Data extract →
§

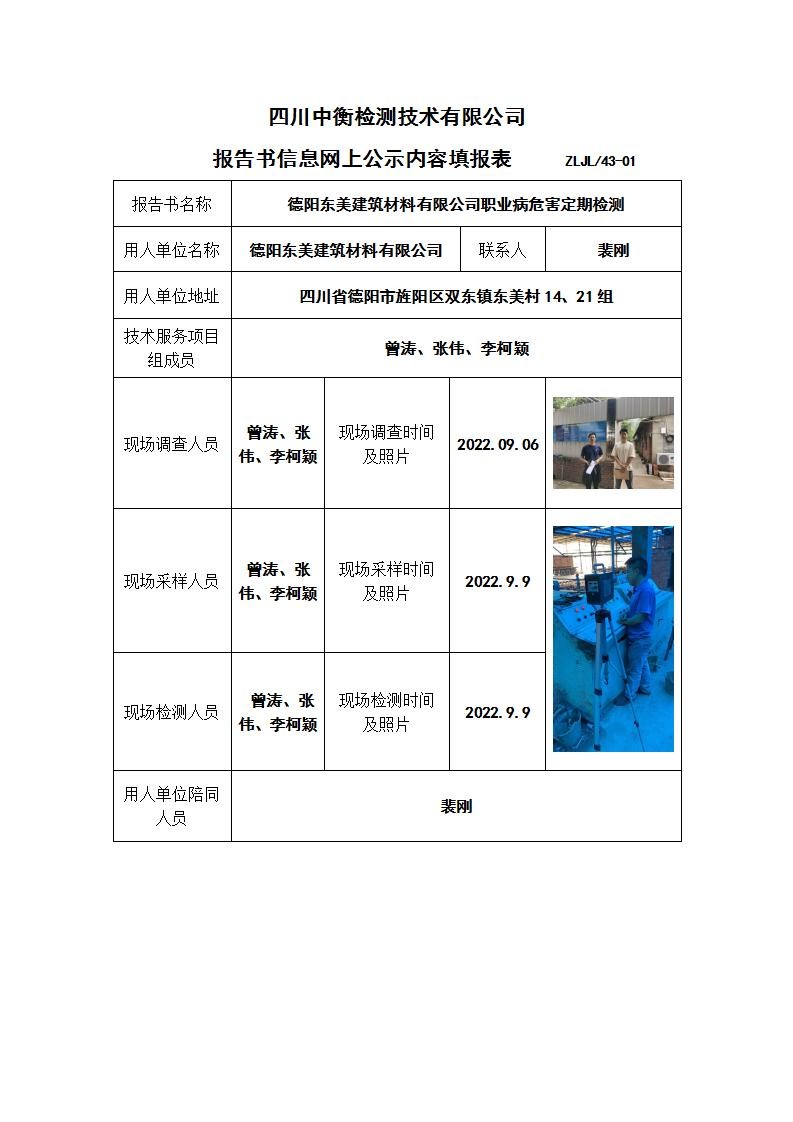 德陽東美建筑材料有限公司職業(yè)病危害定期檢測
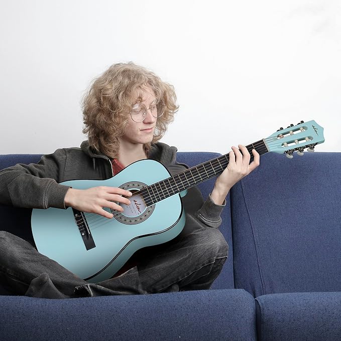 - TOP QUALITY MATERIALS: Our 36 inch acoustic classical guitar top, back, and sides are made of Laminated basswood; the Maple Rosewood fingerboard and bridge provide a comfortable playing feel; The three nylon strings and three steel strings design will make it your favorite musical instrument
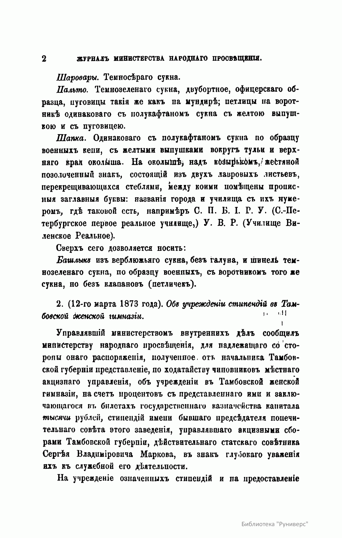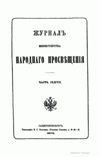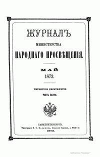 Журнал Министерства народного просвещения выходил с 1834-го по 1917 год. Официальный периодический журнал об успехах просвещения в России. Издатели журнала уверены в том, что «если для каждого человека необходим выход из грубой тьмы невежества и беспрерывное дальнейшее движение к свету, то для народов необходимо попечительное участие правительства в образовании. Только правительство имеет все средства знать и высоту успехов всемирного образования, и настоящие нужды Отечества».
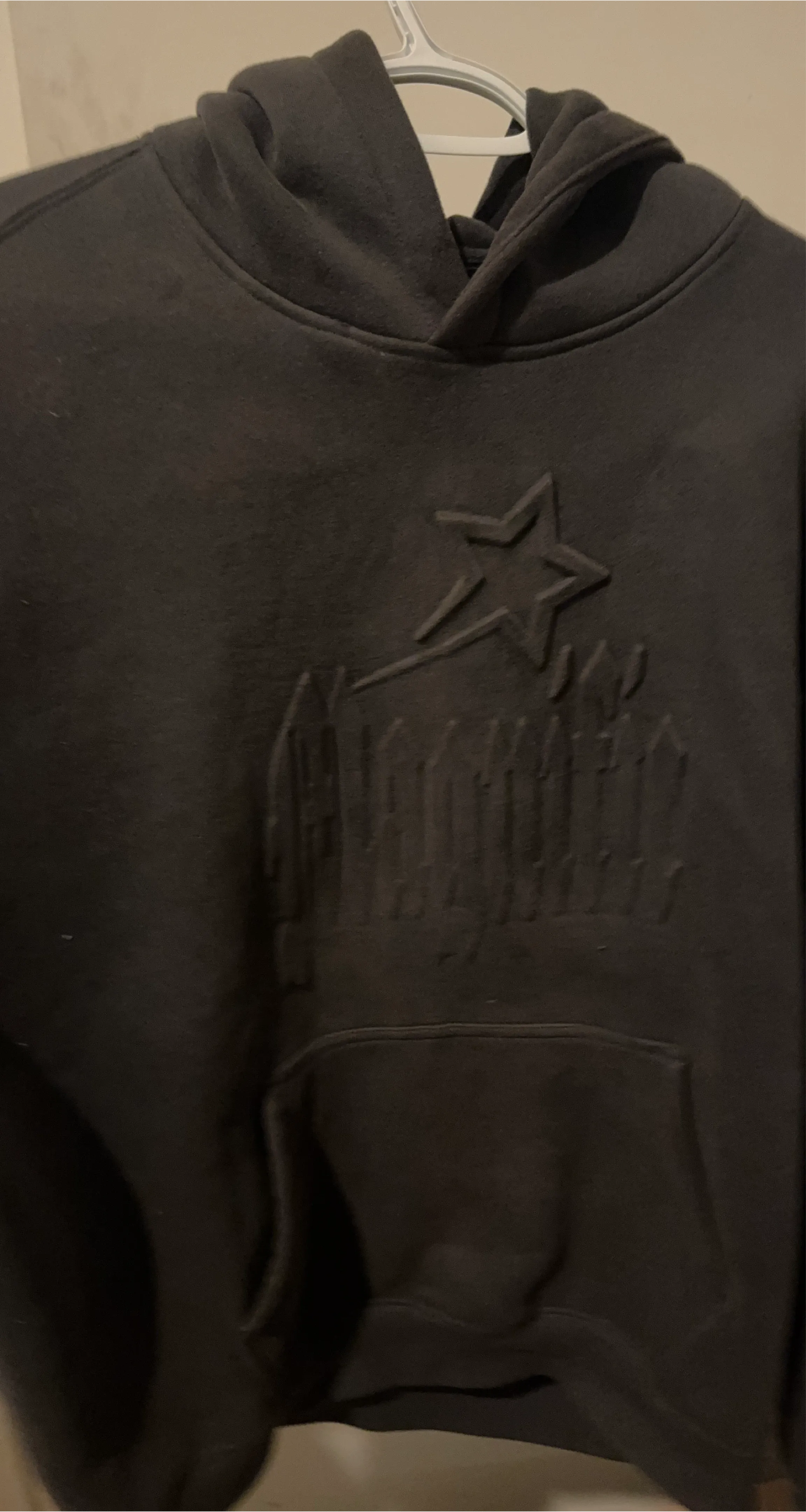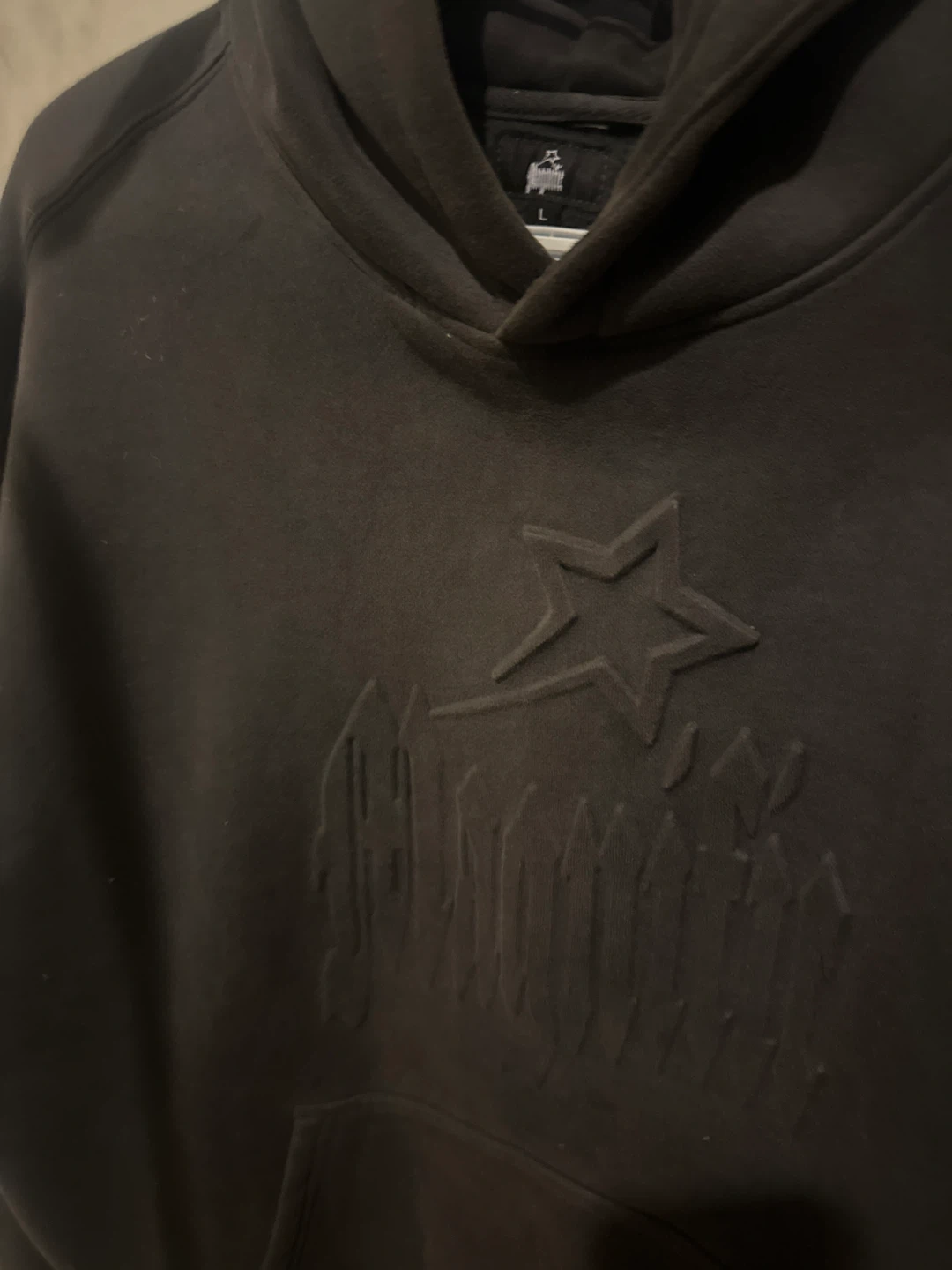This is a black hoodie featuring an embossed graphic design on the front. It's a size large and includes a front pouch pocket. The material is soft and comfortable for everyday wear.

§

Prompt → Print the data above exactly; drop every picture.

Output for this task →
 德陽東美建筑材料有限公司職業(yè)病危害定期檢測
 - TOP QUALITY MATERIALS: Our 36 inch acoustic classical guitar top, back, and sides are made of Laminated basswood; the Maple Rosewood fingerboard and bridge provide a comfortable playing feel; The three nylon strings and three steel strings design will make it your favorite musical instrument
 Журнал Министерства народного просвещения выходил с 1834-го по 1917 год. Официальный периодический журнал об успехах просвещения в России. Издатели журнала уверены в том, что «если для каждого человека необходим выход из грубой тьмы невежества и беспрерывное дальнейшее движение к свету, то для народов необходимо попечительное участие правительства в образовании. Только правительство имеет все средства знать и высоту успехов всемирного образования, и настоящие нужды Отечества».
This is a black hoodie featuring an embossed graphic design on the front. It's a size large and includes a front pouch pocket. The material is soft and comfortable for everyday wear.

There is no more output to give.